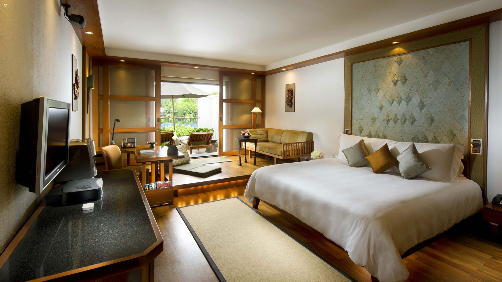 The hotel takes great pride in its excellent service and seeks to go as far as possible to reflect the legendary Thai hospitality in all areas of its business. Each comfortable guest room faces an inner courtyard area, adorned with lily ponds, and is furnished in teak wood and Thai silk. Your room will feature an oversized bathtub and king-size bed. If you’re looking for a palatial amount of space then book into one of the many suites, with open-plan layouts and a host of special facilities such as terraces, gardens and glass-walled bathrooms.
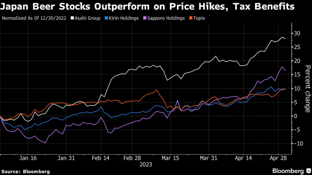(Bloomberg) — Japan’s major breweries are giving investors plenty to cheer about as their shares outperform the broader market on prospects of price hikes, more favorable taxation and a rebound in tourism.
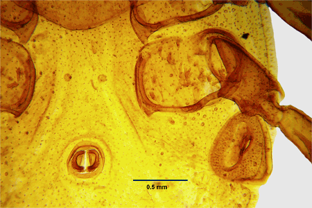 (FR) : Spécimen : Vue rapprochée de l'idiosome montrant l'un des stigmates et la plaque anale avec l'anus.
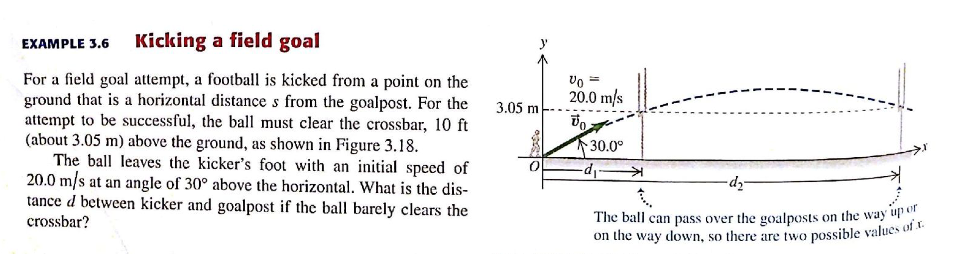 Kicking a field goal y EXAMPLE 3.6 For a field goal attempt, a f...
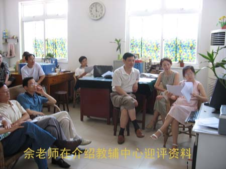 2006年7月26日,在外语系办公室举行了教辅中心迎评材料汇报会。会上中心副主任佘老师详细地介绍了材料情况,结合幻灯片为各位老师展示了教辅中心的现状。参加会议的杨主任及各位老师也为迎评材料中存在的不足提出了自己的意见和建议。佘老师在虚心听取意见后表示一定会改善材料中的不足将迎评材料做得更好更完善。
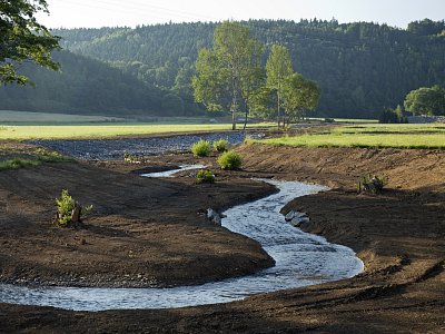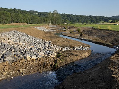 Předmětem díla byla revitalizace koryta vodního toku říčky Loděnice délky 1840 m, a to od silničního mostu v obci Nenačovice až po napojení na stávající koryto pod Kalousovo mlýnem. Principem úprav byl návrat k přirozenému rozvolněnému a členitému charakteru vodního toku. V rámci díla byly v zájmovém území prováděny rozsáhlé zemní práce a záhozy lomovým kamenem, doplněny průtočné a neprůtočné tůně, brod, skluz a významné vegetační úpravy. Celková plocha trvale dotčených pozemků pásu revitalizovaného koryta činí cca 37 500 m2. |
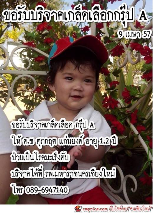 CityNews—April 9th, cmprice.com post a flyer on the CM108 Facebook page about an urgent need for group A blood platelet for a one-year old baby named Supakrit Kanyong.
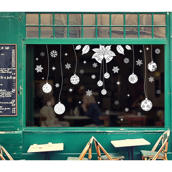 Giới thiệu Decal trang trí noel rèm trái châu và chuông trắng
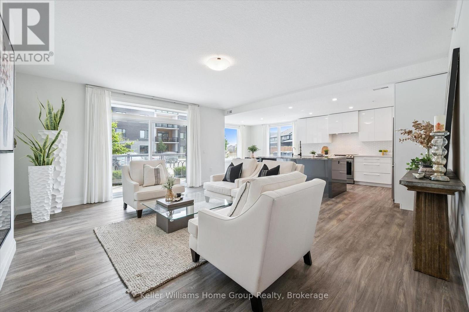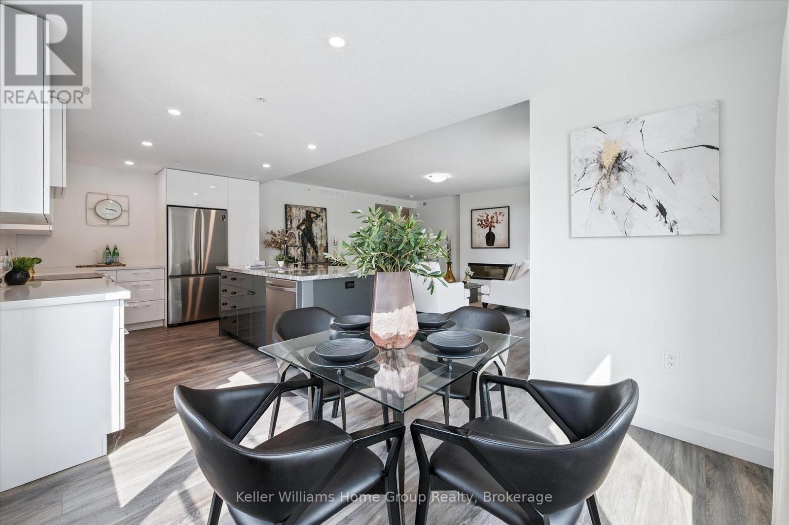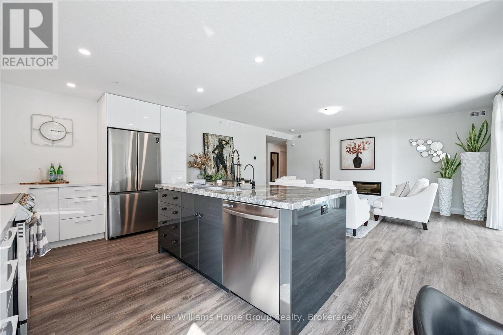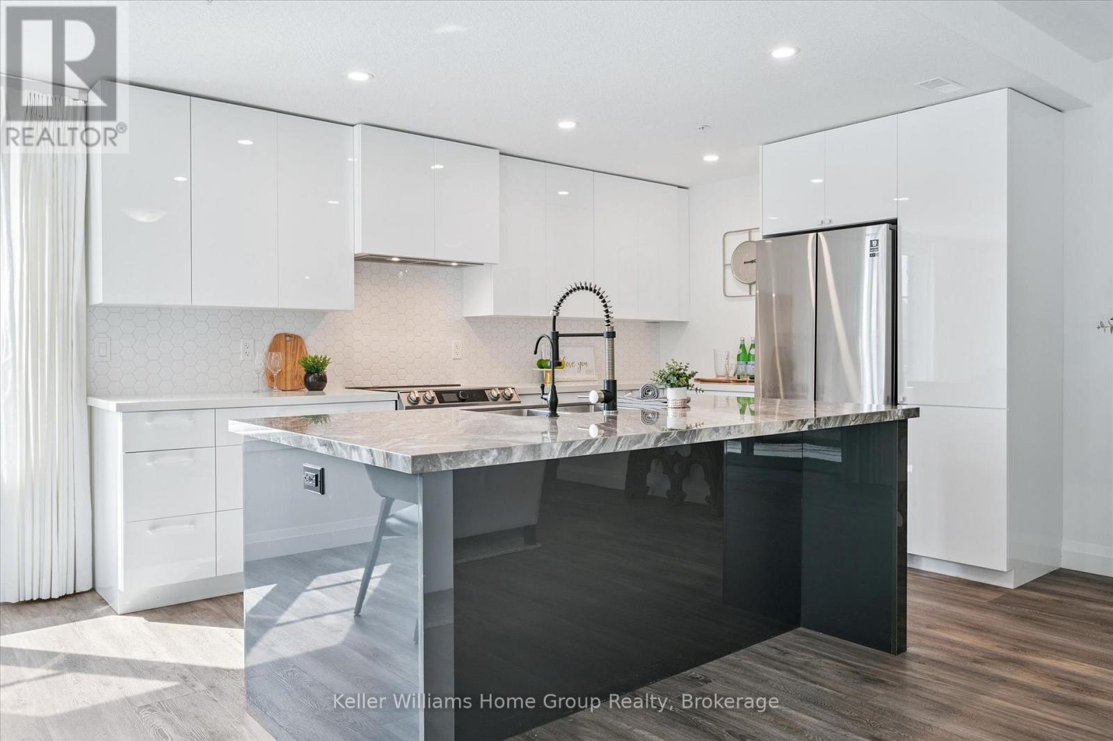 Welcome to elevated living in this stunning corner unit condo, offering over 1,300 square feet of thoughtfully designed space. Built in 2022 by Keating Construction, this 2-bedroom, 2-bathroom ground-floor home combines upscale finishes with everyday comfort in a layout that's both functional and elegant. Natural light floods the open-concept living area, where a striking modern electric fireplace creates a cozy yet contemporary focal point. The designer kitchen is a true show stopper featuring upgraded cabinetry, sleek surfaces, and premium fixtures that make cooking and entertaining a pleasure. Enjoy the added luxury of automatic blinds and custom drapery throughout, bringing style and ease to every room. The spacious primary suite includes a well-appointed en-suite and generous closet space, while the second bedroom offers flexible use for guests or a home office. With direct ground-floor access and a private balcony perfect for your morning coffee, this condo is ideal for those seeking low-maintenance, high-quality living. Whether you're downsizing, investing, or purchasing your first home, this exceptional unit offers modern flair, convenience, and lasting value in a vibrant community. (id:64974)
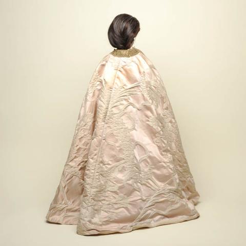 Figura femenina que está de pie con brazos extendidos hacia adelante, cabeza levemente inclinada hacia la derecha. Viste túnica color rosada con bordados dorados y capa color beige y pasamanería dorada en el ruedo. Solo presenta rostro y manos tallados, el resto es un armazón. Sobre la cabeza lleva una peluca de pelo natural que está trenzada.

WHAT TO PRODUCE ▸ What comes back should match the records exactly, minus any pictures.

ANSWER ▸
 The hotel takes great pride in its excellent service and seeks to go as far as possible to reflect the legendary Thai hospitality in all areas of its business. Each comfortable guest room faces an inner courtyard area, adorned with lily ponds, and is furnished in teak wood and Thai silk. Your room will feature an oversized bathtub and king-size bed. If you’re looking for a palatial amount of space then book into one of the many suites, with open-plan layouts and a host of special facilities such as terraces, gardens and glass-walled bathrooms.
(Bloomberg) — Japan’s major breweries are giving investors plenty to cheer about as their shares outperform the broader market on prospects of price hikes, more favorable taxation and a rebound in tourism.
 (FR) : Spécimen : Vue rapprochée de l'idiosome montrant l'un des stigmates et la plaque anale avec l'anus.
 Kicking a field goal y EXAMPLE 3.6 For a field goal attempt, a f...
 2006年7月26日,在外语系办公室举行了教辅中心迎评材料汇报会。会上中心副主任佘老师详细地介绍了材料情况,结合幻灯片为各位老师展示了教辅中心的现状。参加会议的杨主任及各位老师也为迎评材料中存在的不足提出了自己的意见和建议。佘老师在虚心听取意见后表示一定会改善材料中的不足将迎评材料做得更好更完善。
 Předmětem díla byla revitalizace koryta vodního toku říčky Loděnice délky 1840 m, a to od silničního mostu v obci Nenačovice až po napojení na stávající koryto pod Kalousovo mlýnem. Principem úprav byl návrat k přirozenému rozvolněnému a členitému charakteru vodního toku. V rámci díla byly v zájmovém území prováděny rozsáhlé zemní práce a záhozy lomovým kamenem, doplněny průtočné a neprůtočné tůně, brod, skluz a významné vegetační úpravy. Celková plocha trvale dotčených pozemků pásu revitalizovaného koryta činí cca 37 500 m2. |
 CityNews—April 9th, cmprice.com post a flyer on the CM108 Facebook page about an urgent need for group A blood platelet for a one-year old baby named Supakrit Kanyong.
 Giới thiệu Decal trang trí noel rèm trái châu và chuông trắng
 Welcome to elevated living in this stunning corner unit condo, offering over 1,300 square feet of thoughtfully designed space. Built in 2022 by Keating Construction, this 2-bedroom, 2-bathroom ground-floor home combines upscale finishes with everyday comfort in a layout that's both functional and elegant. Natural light floods the open-concept living area, where a striking modern electric fireplace creates a cozy yet contemporary focal point. The designer kitchen is a true show stopper featuring upgraded cabinetry, sleek surfaces, and premium fixtures that make cooking and entertaining a pleasure. Enjoy the added luxury of automatic blinds and custom drapery throughout, bringing style and ease to every room. The spacious primary suite includes a well-appointed en-suite and generous closet space, while the second bedroom offers flexible use for guests or a home office. With direct ground-floor access and a private balcony perfect for your morning coffee, this condo is ideal for those seeking low-maintenance, high-quality living. Whether you're downsizing, investing, or purchasing your first home, this exceptional unit offers modern flair, convenience, and lasting value in a vibrant community. (id:64974)
 Figura femenina que está de pie con brazos extendidos hacia adelante, cabeza levemente inclinada hacia la derecha. Viste túnica color rosada con bordados dorados y capa color beige y pasamanería dorada en el ruedo. Solo presenta rostro y manos tallados, el resto es un armazón. Sobre la cabeza lleva una peluca de pelo natural que está trenzada.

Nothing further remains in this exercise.